ARTICLE « INVENTION » DE JAUCOURT (FIN DE L’ARTICLE)
Jaucourt fait ici l’éloge de l’Encyclopédie. Mais il rappelle que le livre ne peut exister
que s’il est soutenu par le pouvoir : allusion très nette à la censure dont il sera victime
L'Encyclopédie, s'il m'est permis de répéter ici les paroles des éditeurs de cet ouvrage,
(Avert. du tom. III.) " l'Encyclopédie fera l'histoire des richesses de notre siécle en ce
genre ; elle la fera & à ce siecle qui l'ignore, & aux siecles à venir qu'elle mettra sur la
voie, pour aller plus loin. Les découvertes dans les Arts n'auront plus à craindre de se
perdre dans l'oubli ; les faits seront dévoilés au philosophe, & la refléxion pourra
simplifier & éclairer une pratique aveugle ".
Mais pour le succès de cette entreprise, il est nécessaire que le gouvernement éclairé
daigne lui accorder une protection puissante & soutenue, contre les injustices, les
persécutions, & les calomnies de ses ennemis. (D. J.)
ARTICLE « ZZUENE » DE JAUCOURT
Il s’agit du dernier article de l’Encyclopédie. Mais la clôture de l’œuvre se change en
ouverture vers les temps futurs, éclairés par le flambeau de l’Encyclopédie.
ZZUÉNÉ ou ZZEUENE, (Géog. anc.) ville située sur la rive orientale du Nil, dans la
haute Egypte, au voisinage de l'Ethiopie. Voyez SYENE.

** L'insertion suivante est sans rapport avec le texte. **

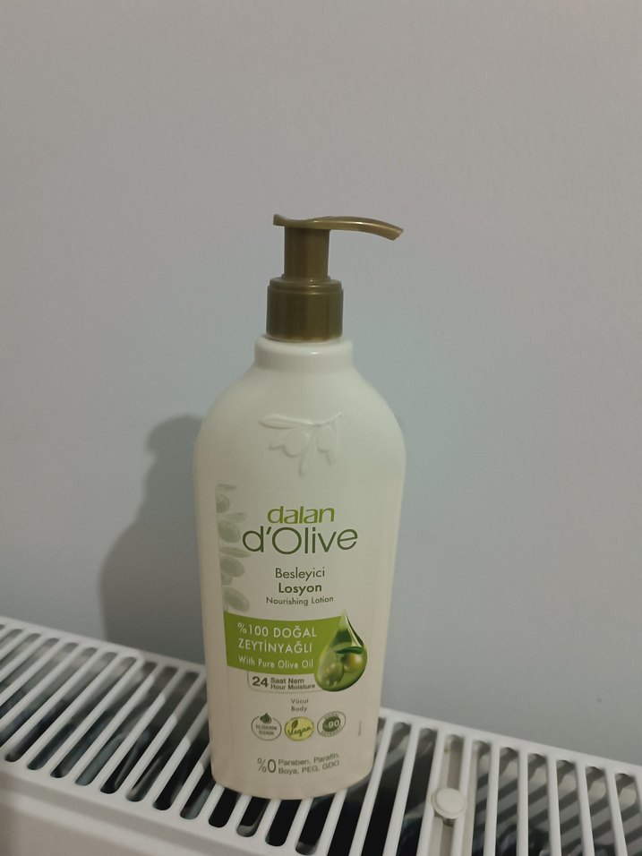 Dalan d'Olive Besleyici Vücut Losyonu %100 doğal zeytinyağı içerir, 24 saat nem sağlar, paraben, silikon ve renklendirici içermez.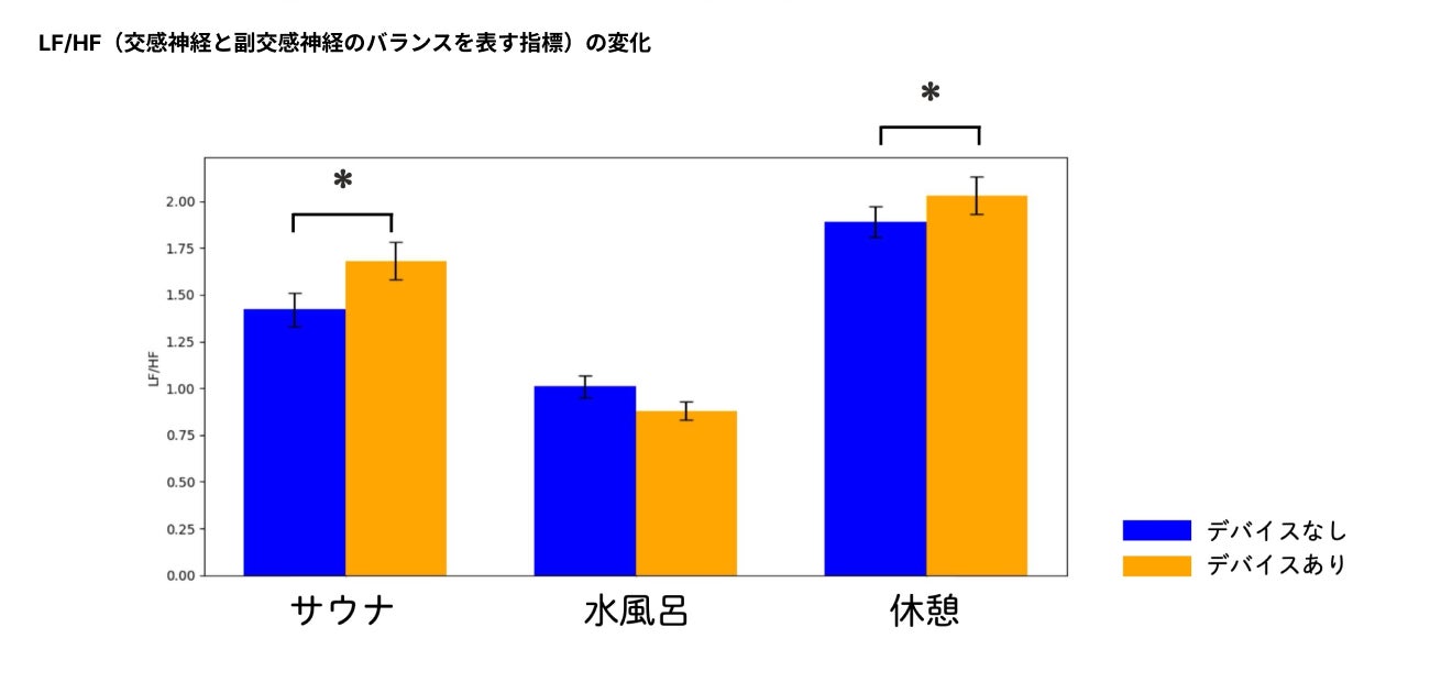 休憩中に「ston s」を使用することで、サウナ室と休憩室における自律神経活動量向上の傾向が見られた。

C'est ici le dernier mot géographique de cet Ouvrage, & en même tems sans doute
celui qui fera la clôture de l'Encyclopédie.
" Pour étendre l'empire des Sciences & des Arts, dit Bacon, il seroit à souhaiter qu'il y
eût une correspondance entre d'habiles gens de chaque classe ; & leur assemblage
jetteroit un jour lumineux sur le globe des Sciences & des Arts. O l'admirable
conspiration ! Un tems viendra, que des philosophes animés d'un si beau projet,
oseront prendre cet essor ! Alors il s'élevera de la basse région des sophistes & des
jaloux, un essain nébuleux, qui voyant ces aigles planer dans les airs, & ne pouvant ni
suivre ni arrêter leur vol rapide, s'efforcera par de vains croassemens, de décrier leur
entreprise & leur triomphe ". (Le chevalier DE JAUCOURT.)